New Side effects: General feeling of unwellness.
Loss of appetite.
Continuance of side effects:
Known treatments: Headache = take a paracetmol.
Nausea = sit near a bucket.
Tummy ache = see nausea.
General feeling of unwellness = lie down.
Another side effect is triggers are more effective. I was hypomanic bordering mania which did and didn’t make sense. Usually mania isn’t so fast. Usually I would have a few days where hypomania and mixed episodes took equal turns running the show until mixed episode period fizzled out and I was left with a few days of hypomania slowly turning into mania and then mania, the mixed episode, depression. Yeah cycle complete and repeat. But mixed episode was bought to an abrupt stop and hypomania keeps drifting in the lines of mania. That happened and mania was bought on by triggers (which usually doesn’t happen). Bought a magazine, bought some sweets, with friends, just anything that bought me joy sent me manic.
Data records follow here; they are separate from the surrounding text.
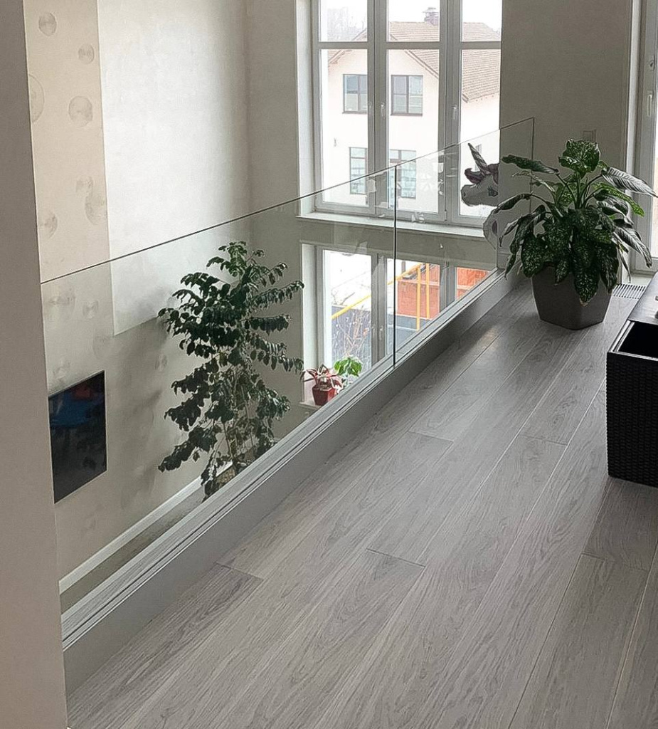 Профиль сверленый: от края 150 мм, следующие отверстия с шагом 300 мм. Длина алюминиевого профиля 6 метров. Профиль сертифицирован и имеет протокол испытаний. В данном проекте профиль используется с серой резиной.
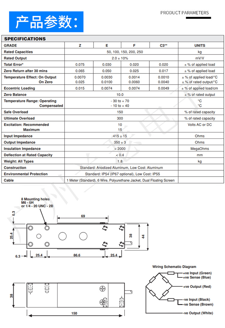 美國Tedea 1241-100kg稱重傳感器產品參數:
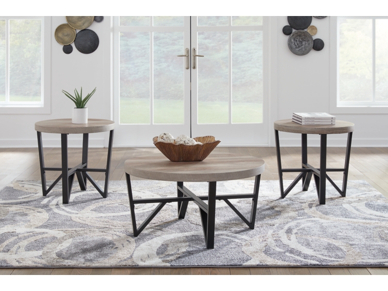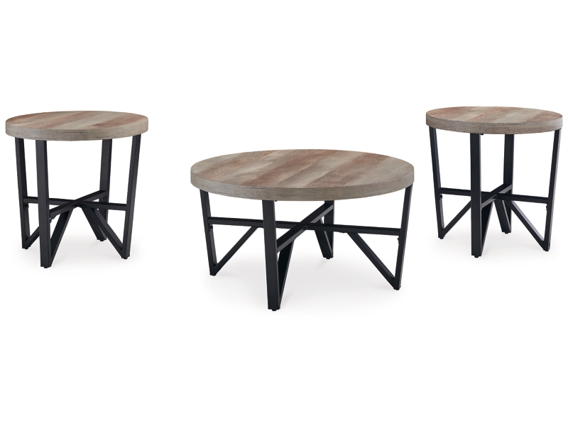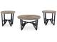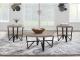 Urban contemporary design. Made with tubular steel frames, decorative laminate and MDF substrate. Thick tabletops feature a replicated reclaimed lumber look. The steel leg assemblies are finished with a durable matte black powder coat. Round table designs work nicely with smaller sofas and sectionals for small space living. 3-in-1 pack.
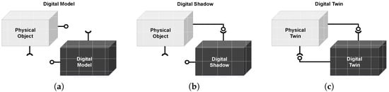 Subcategories of digital twins by their level of integration with the physical twins (Source: []) (a) The digital model is not connected to the physical object; (b) the physical object sends data and changes to the digital shadow automatically; (c) all changes in the digital twin are sent automatically back to the physical twin.
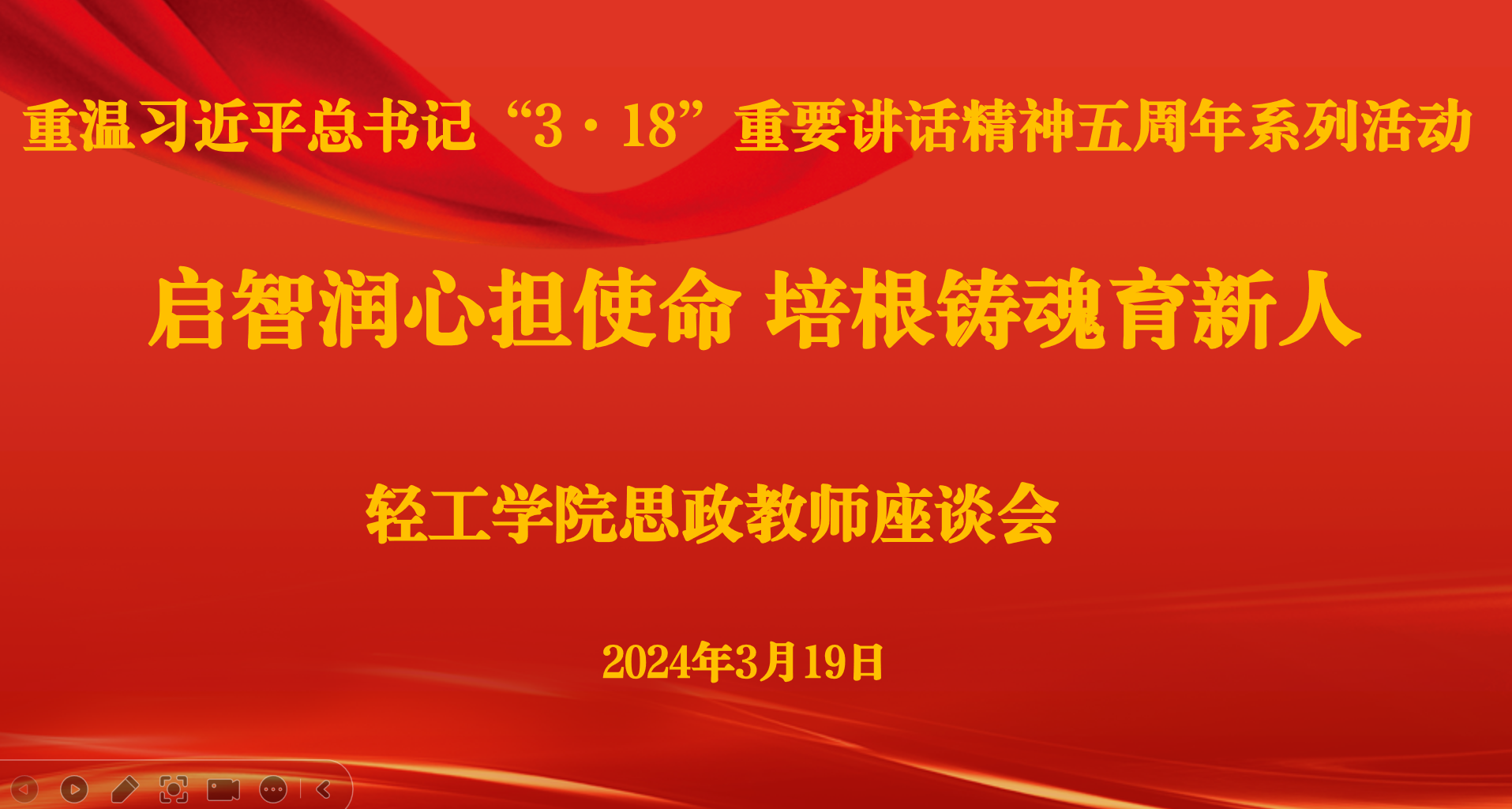 时值习近平总书记在学校思想政治理论课教师座谈会发表重要讲话五周年之际,新利18平台于3月19日下午开展“启智润心担使命,培根铸魂育新人”思政教师座谈会,重温“3·18”重要讲话精神。
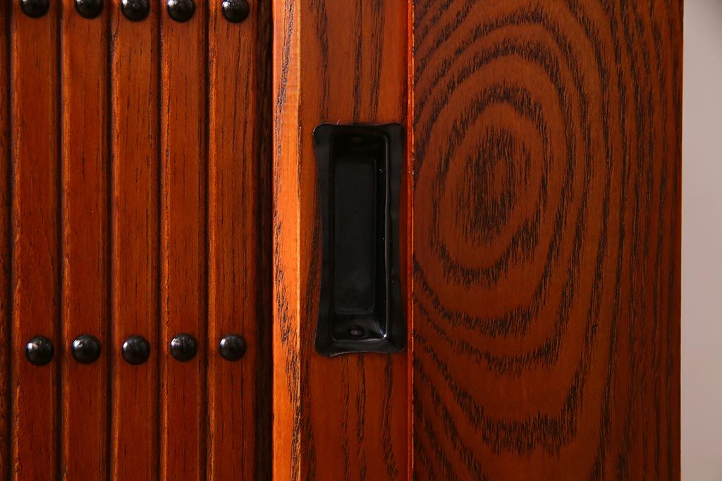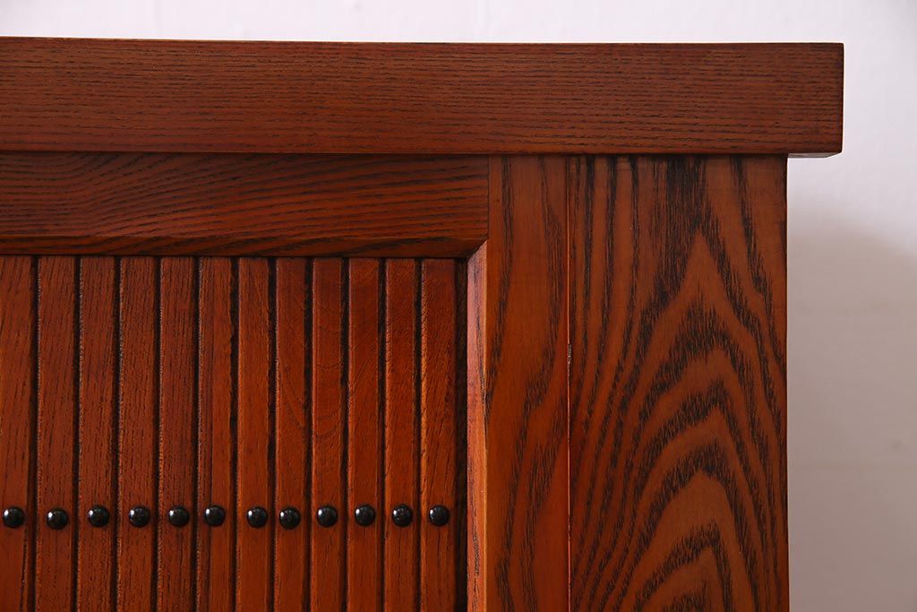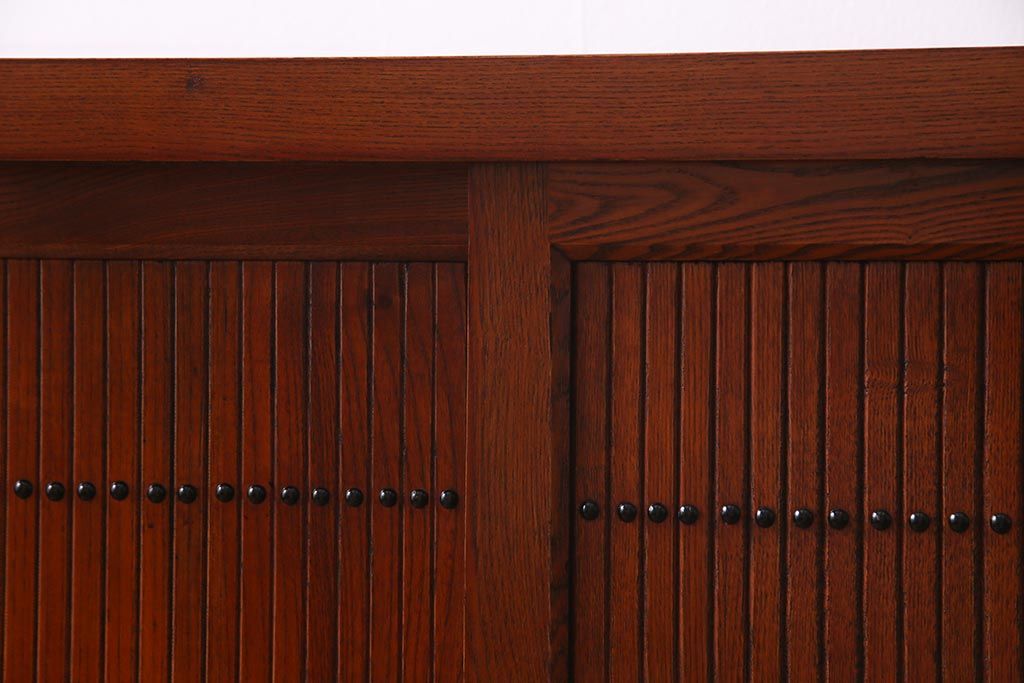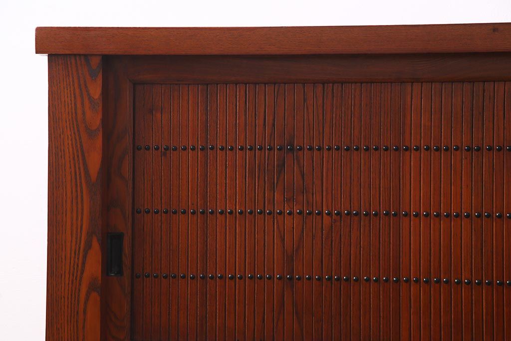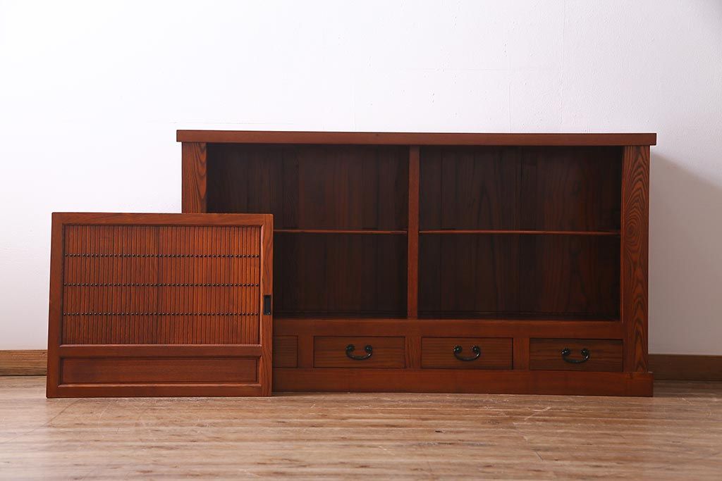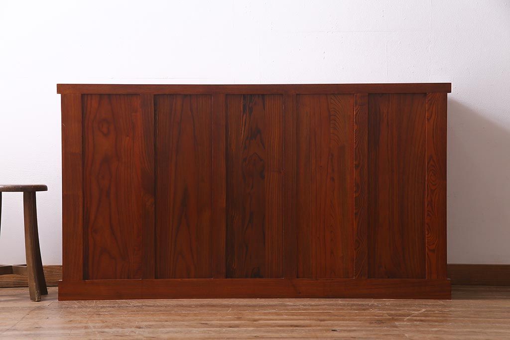 民芸家具 > 新古品 民芸家具 ニレ無垢材 5尺 重厚感と上品さを醸し出す水屋箪笥(収納棚、キャビネット)(R-037855)

Then, I got into an argument with someone and that sent me depressed. Now I don’t understand it. Why am I depressed now? I’m not supposed to be. I don’t usually react to triggers. Except in terms of stress and flashbacks. But moodwise. Rarely with triggers. I know it’s been two days. Antidepressants don’t work that fast but I can’t think of any other explanation why an argument sent me depressed when usually an argument in hypomania just asserts how much better I am than others because of my inflated self confidence and worth. Which itself can send me into mania. But now I’m sitting here, ill and depressed thinking: “if these pills are going to make me depressed. I don’t want them anymore.” I liked them because they skipped the anger and went to hypomania but I can’t be depressed when I’m supposed to be hypomanic or mania. No. I just, I can’t suffer needlessly at the hands of a synthetic pill.
I’m not entirely sure if I can trigger hypomania back. It’s like what they say “it’s easy to warm yourself up if it’s cold than cool yourself down when it’s hot” so it’s easy to be made sad when manic but hard to be made happy when depressed. I just hope for the sake of everything that I can make myself happy and maybe sleeping will reset everything and maybe taking the zoloft (yes I am now calling it by it’s trade name because sertraline is annoying to remember).
I went on a spending spree in tesco. Went in to buy some dinner (vegetable nuggets) and ended with several bags of different chocolate and sweets, a dvd, ice cream, two child magazines and a partridge in a pear tree. Then when I got home mania was still racing until I got into an argument due to my lack of filter when manic and boom, depressed.